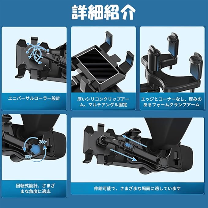 【こだわり設計・安全性抜群】アームの接触面にはソフトシリコン製の滑り止めゴムが付き、すまほに傷を与える心配が必要しません。アップグレードされたイーグル嘴設計になって、従来のクリップよりしっかり固定できます。挟む力も螺旋紐で締めて調節できます。四腕でスマホをきちんと固定し、減速ゾーンからの衝撃も有効的緩んで、運転中の道路振動しても安定させます。【ご注意】携帯電話の向きは自由に360度調整できますが、伸縮アームの向きはブラケット後ろのつまみを緩めて調整する必要があるため、運転中は調整しないことをお勧めします。
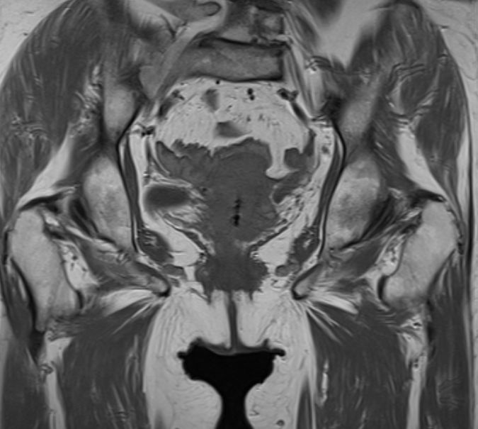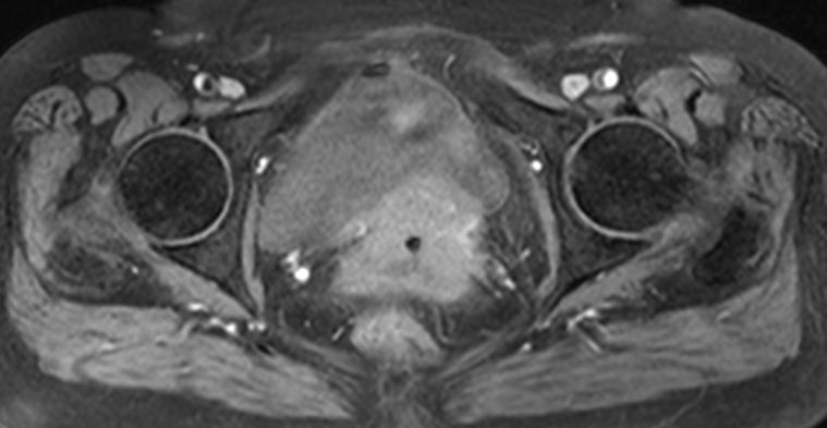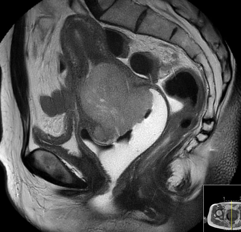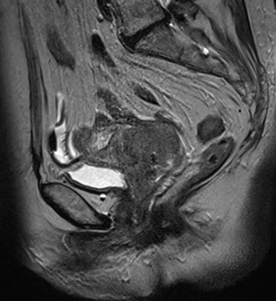 | MRT | 71jährige Frau, die wegen Uterus-Totalprolaps eingeliefert wurde. Der Uterus wurde reponiert und zeigte einen 5cm großen Zervixtumor. | |||
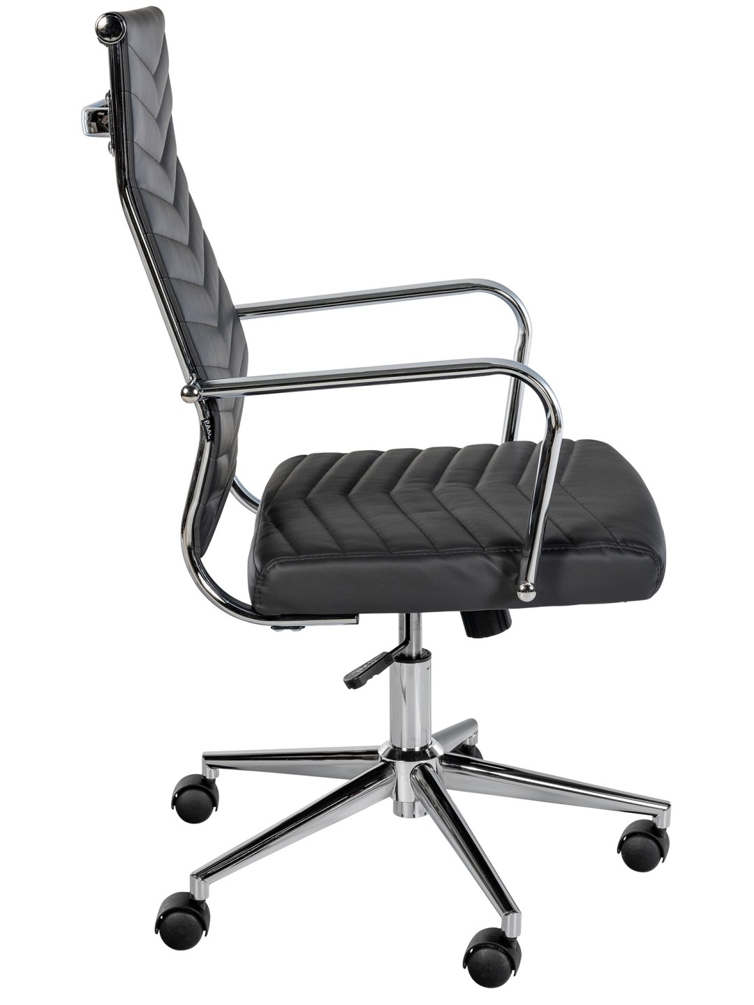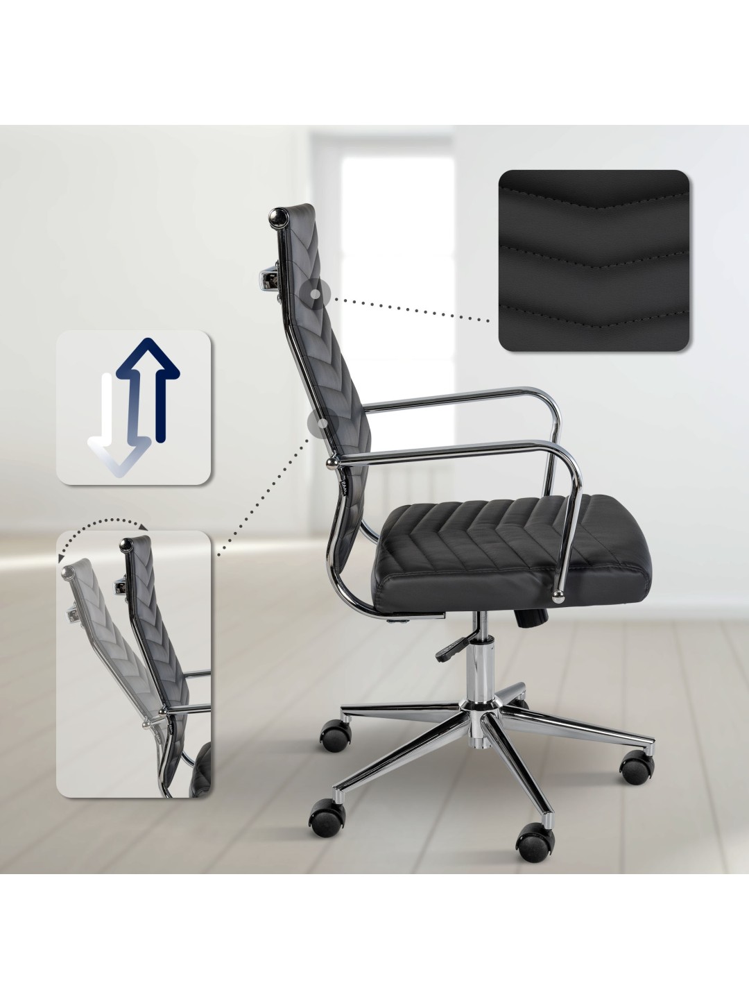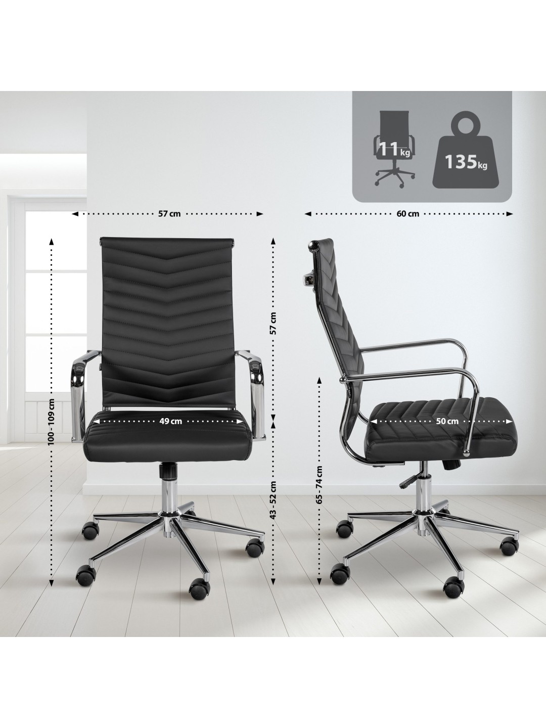 A cadeira giratória é infinitamente ajustável em altura usando o elevador a gás. Finalmente, a estrutura extremamente robusta com rodízios de deslizamento suave confere à cadeira giratória um suporte estável. A capacidade máxima de carga é de 135 kg.
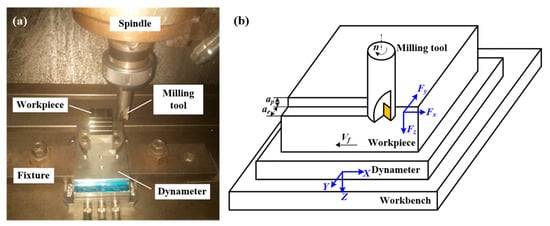Figure 2. (a) Experimental setup and (b) illustration of cutting parameters in asymmetry milling.
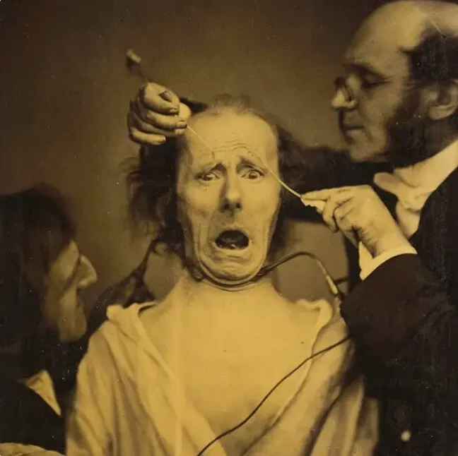 20. Французский невролог Гийом Дюшенн проводит эксперимент по электрофизиологии, воздействуя на мышцы испытуемого с помощью электрических зондов для вызова определенной мимики, 1850-е годы
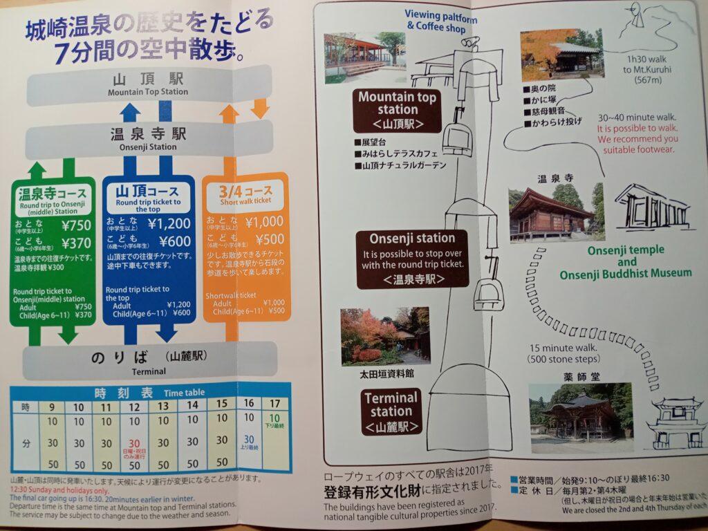 次の場所に行く前に、鴻の湯の近くにある、城崎温泉ロープウェーへ。山麓駅から途中の温泉寺駅を経由して山頂駅に行きます。目的によって、ロープウェー料金が異なるので、確認してから購入すると良いでしょう。自分は山頂から景色を見たかっただけなので、山頂コースを購入します。
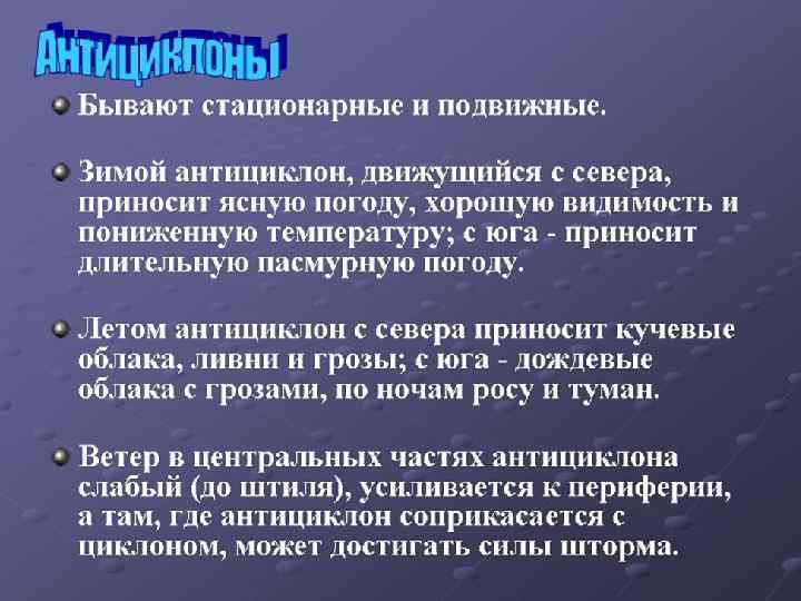 Движение воздуха в антициклоне Антициклоны достигают размера несколько тысяч километров в диаметре. В центре антициклона давление обычно 1020— 1030 мбар, но может достигать 1070— 1080 мбар. Как и циклоны, антициклоны перемещаются запада на восток, отклоняясь при этом к низким широтам. Средняя скорость перемещения антициклона составляет около 30 км/ч в Северном полушарии и около 40 км/ч в Южном, но может надолго принимать малоподвижное состояние – блокирующий.
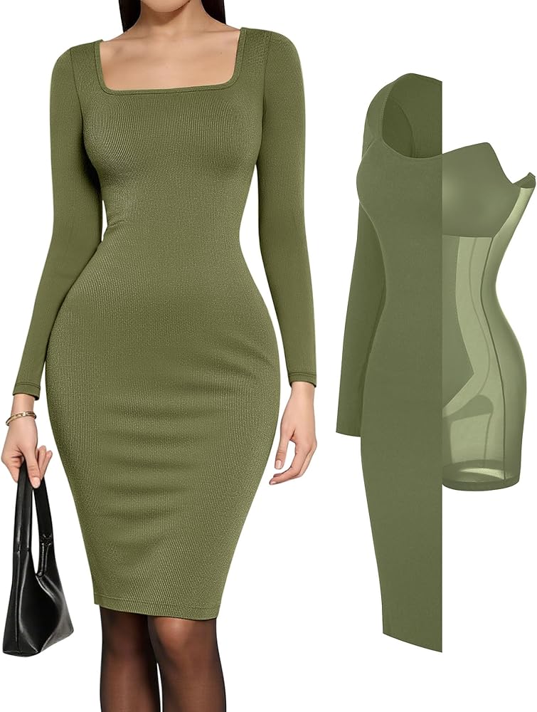 Unique Built In Shapewear Design: This is not a simple Bodycon midi dress, it is a fitted dress with a built-in shapewear. In this way, you don't need to wear bra and panties, this shapewear dress supports your chest and hips for an hourglass figure
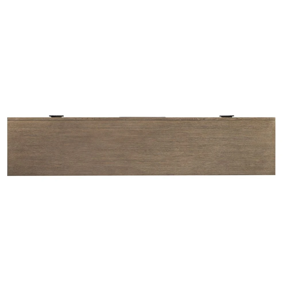 Marketing Copy: Zanzibar offers a fresh take on relaxed contemporary living. In a play on contrasts, designs are crafted from quartered white oak ina warm taupe finish with bases and accents in a deep expresso coloration. Surfaces are gently wire-brushed to enhance the woods natural grain, while sleek custom hardware, finished in dark umber, offers a striking complement. Upholstered seating features clean architectural lines with exceptional tailoring, highlighted by organic and textural fabrics in rich earthy tones. The look is approachable, yet dramatic in tis interpretation of casual contemporary style.
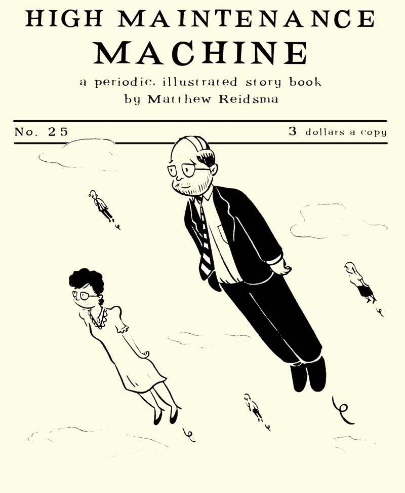 Issue 25 of High Maintenance Machine, a periodic, illustrated story book by Matthew Reidsma. Featuring the story "Driven by Faith" about evangelical Christianity, the rapture, and driver's education.
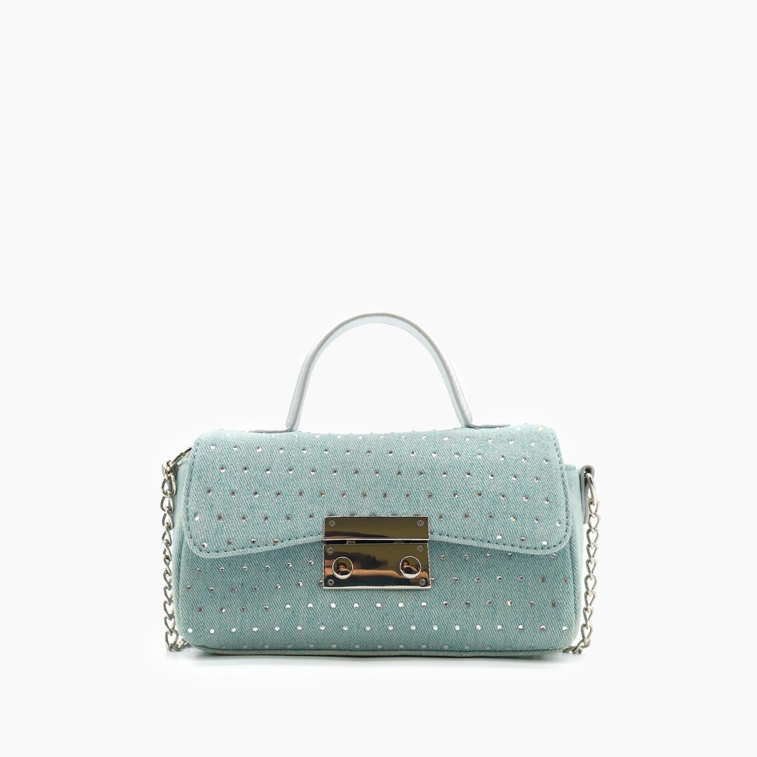 The crossbody bag is a trend that is here to stay and we especially love this style. Meet the Women's Beagle Studded Denim Crossbody Bag by Like Dreams, a chic accessory in blue that effortlessly combines style and function. Crafted from denim, this structured bag features studded detailing for a touch of charm. It measures 7.5 inches in width, 4 inches in height, and 2.125 inches in depth, weighing 10.6 oz. Closure: Snap closure. Equipped with a 27-inch chain link strap and a 2.5-inch ring top handle, it includes one main compartment to keep essentials secure.

....................

### Exercise goal
From the data above, retype only the lines starting with the line with "Marketing Copy: Zanzibar" and going on through the line with "Issue 25 of", exactly, leaving out the pictures.

### Solution to this task
 Marketing Copy: Zanzibar offers a fresh take on relaxed contemporary living. In a play on contrasts, designs are crafted from quartered white oak ina warm taupe finish with bases and accents in a deep expresso coloration. Surfaces are gently wire-brushed to enhance the woods natural grain, while sleek custom hardware, finished in dark umber, offers a striking complement. Upholstered seating features clean architectural lines with exceptional tailoring, highlighted by organic and textural fabrics in rich earthy tones. The look is approachable, yet dramatic in tis interpretation of casual contemporary style.
 Issue 25 of High Maintenance Machine, a periodic, illustrated story book by Matthew Reidsma. Featuring the story "Driven by Faith" about evangelical Christianity, the rapture, and driver's education.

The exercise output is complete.